The Invoke Smart Speaker Brings Microsoft’s Cortana AI to Your Living Room
IF THE FUTURE of computing really does look like Her, and everyone will soon be talking to their devices and falling in love with the soothing voices in their ears, Microsoft is sitting pretty. Or at least, it ought to be: Its Cortana virtual assistant already integrates seamlessly into Windows 10, works on iOS and Android, and will start showing up in cars soon. It’s good for work, good for play, even has a cool name. Yet Cortana gets left out of the voice assistant in-crowd, because it’s missing one key thing: a smart speaker like the Google Home or Amazon Echo. Those in-home devices have become the first place most people use these assistants, and Microsoft just doesn’t have one. Until now.
The new Invoke speaker, made by Harman Kardon, is more or less a direct copy of the Amazon Echo—a tall, cylindrical speaker with a blue light at the top that glows when the speaker is listening to you. It can control some of your smart-home devices, set reminders, name the members of One Direction (RIP), and many other things Echo or Home can also do. So far, the Invoke appears to have exactly one unique feature: It can make and receive calls with Skype. OK, so it’s like an Echo plus a speakerphone. Except, wait, the Echo and Home will do that soon too.
The Invoke is very much a me-too device, but that’s precisely the point. Whenever Apple launches its Siri Speaker, it’ll probably do all the same things too. Harman’s making a big deal out of the Invoke’s sound quality—three tweeters! 360-degree sound!—and its Dalek-like design, because those are the ways it can convince people to buy this device instead of an Echo. These companies can compete on sound quality and design and the intense awkwardness of their respective wake-words, but none of these speakers will ever be meaningfully better or more exciting than the others. Smart speakers are quickly becoming tablestakes gadgets, the way for all these companies to assert control over your entire voice-enabled life.

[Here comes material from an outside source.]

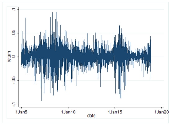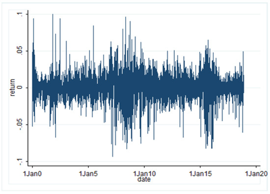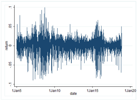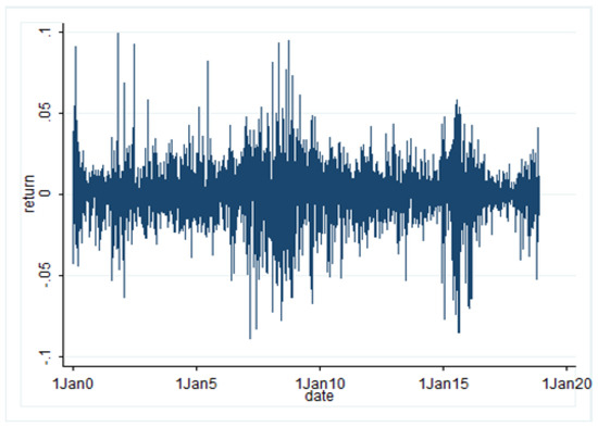 This paper uses the daily returns of four indices: SSE, SZSE, SHSE-SZSE300, and CSI500. The data source is the RESSET database (www.resset.cn). The SSE Index and the SZSE Index that were selected in this paper reflect the quotations and trends of the Shanghai and Shenzhen markets, respectively, while the SHSE-SZSE300 index synthetically reflect the overall quotations and trends of the Shanghai and Shenzhen markets. Component stocks are mainstream stocks with good market representativeness, high liquidity, and active trading, which can reflect the return of mainstream investment in the Chinese stock market. The CSI500 Index that was selected in this paper reflects the return of investment and the overall quotations and trends of stocks of small and medium enterprises, which comprehensively embody the stock price performance of a group of small and medium enterprises in China’s A-share market. Table 1 shows the sample.

An in-home speaker is particularly important for Microsoft, which lost the smartphone race and thus has no way into people’s handsets other than the Cortana app that few will download and fewer will use. But on desktops, Windows has such massive market share that millions of people use Cortana by default—145 million, in fact, according to Microsoft’s latest numbers. In order to make a lasting dent in this new market, though, Microsoft needs its virtual assistant to be everywhere, including on devices people don’t just get from their IT department. With the Build conference coming up this week, Microsoft reportedly plans to open up its Cortana Skills Kit, letting developers build for its assistant. Microsoft’s whole strategy is to blanket the earth with its software, so expect more speakers soon.